Б. А.: Они просто видели развитие рынка. Они прекрасно понимали, что АвтоВАЗ имеет очень большой сегмент продаж на рынке и за счет этого альянса они могли бы увеличить объемы собственных продаж. Как всегда, решают деньги. У нас было много дискуссий при подборе инвестора. Я могу даже точные даты назвать: мы приступили к этому процессу в середине сентября 2007 года, а в конце декабря было вынесено решение и объявлен победителем тот, кто дал больше денег и предложил более интересную программу.
В. Л.: Когда вы познакомились с АвтоВАЗом, у вас не было ощущения, что это неуправляемая структура?
Б. А.: Нет, не было. АвтоВАЗ, в общем, был всегда управляем, но не без сложностей, как любая компания огромных размеров – а в ней число работающих доходило до 114 тысяч человек. Конечно, такое огромное предприятие, работающее в три смены, имеет собственные внутренние механизмы.
В. Л.: Социальные проблемы, например…
Б. А.: Огромная социальная нагрузка, значительное количество непрофильного бизнеса, большое количество проблем, накопленных в логистике. В этих составляющих играли роль и хищения и многое другое. Но это не определяло будущее АвтоВАЗа и не оказывало столь серьезного давления на развитие компании, поскольку уже до меня правоохранительным органам удалось серьезно поработать в этом направлении.
В. Л.: Вас охраняли, когда вы стали директором АвтоВАЗа?
Б. А.: Конечно, охраняли. И это была традиция компании, я ее просто не менял.
В. Л.: С какими размышлениями вы уходили из Авто-ВАЗа? Эта работа, наверное, стала серьезным уроком для вас?

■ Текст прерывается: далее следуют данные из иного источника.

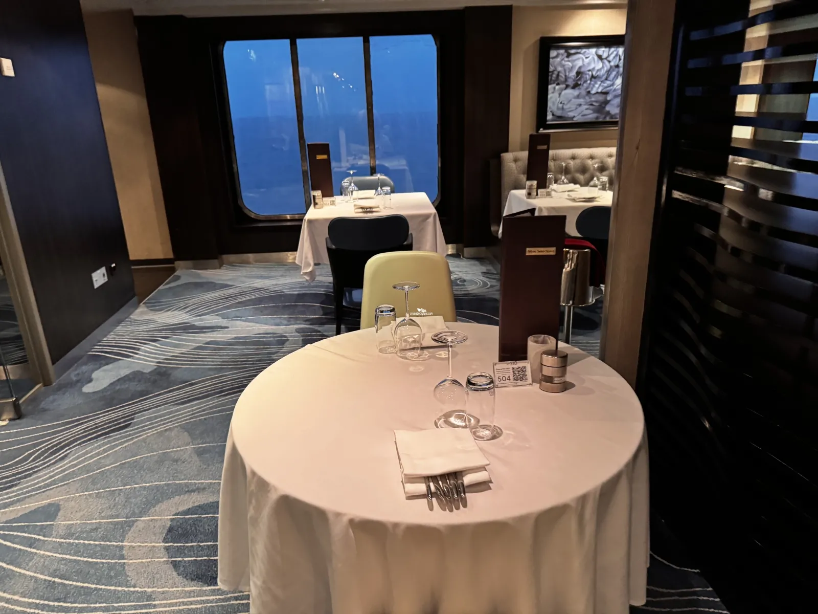 Seats 140 guests within its casual atmosphere and opens from 5.30pm to 10.30pm, with reservations recommended and a cover charge of $15 per guest. This venue and Le Bistro switched places during the May 2016 drydock.Le Bistro French Restaurant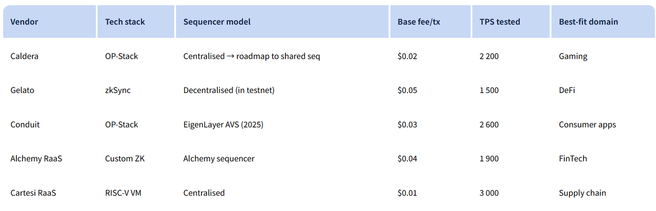 Rollup as a Service(RaaS,打包即服务)并非新兴概念,其在 2024 年曾引发广泛市场讨论。进入 2025 年后,该赛道已逐步进入成熟阶段,新进入者数量显著减少,市场格局趋于稳定。目前主流 RaaS 服务商中,Altlayer 与 Lumoz 主要面向测试网部署场景,而在主网部署方面,多数公链仍倾向于选择技术积累更为成熟的 Conduit 与 Caldera。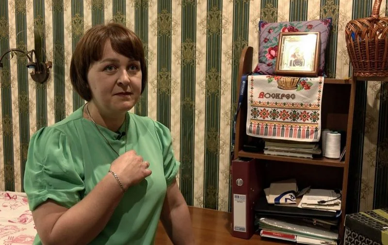 “Нашого дому вже немає, — говорить жінка. — Коли виїжджали під час повномасштабного вторгнення забрали лише деякі речі, ікону, яка була у нас у квартирі і подушку, вишиту власними руками”.

Б. А.: Безусловно. Я считаю, что этот опыт оказался самым большим уроком для меня в жизни. И он, я думаю, выучен. На какую оценку я сдал этот предмет – вот что было в фокусе моих размышлений, когда я уходил. Если говорить о такой, что ли, утилитарной функции, как подбор партнера и придание нового импульса в развитии компании, то моя задача была выполнена. Но в момент моего ухода наступил кризисный период. Я, конечно, не отношу себя к числу кризисных менеджеров, и мой уход из АвтоВАЗа был с определенной горчинкой, потому что хотелось бы увидеть плоды развития.
В. Л.: Понятно. Не могли бы вы нам разъяснить ситуацию с микрочипами. До эпидемии их производилось достаточно, а сейчас стало меньше? Эта проблема частично касается и авиапрома, в котором вы работаете, и автопрома. Что произошло? Чипов производится, видимо, столько же, потребности приблизительно те же, но их явно не хватает. В чем проблема?
Б. А.: В первые месяцы пандемии, когда, по сути дела, все страны объявили локдаун, резко упали объемы продаж автомобилей. А стало быть, сократилось производство. Никто не мог определенно сказать, на какой же срок пришел локдаун, и в процессе выжидательной политики многие пришли к выводу, что это надолго и нужно сокращать производство. Отсюда упало и производство чипов…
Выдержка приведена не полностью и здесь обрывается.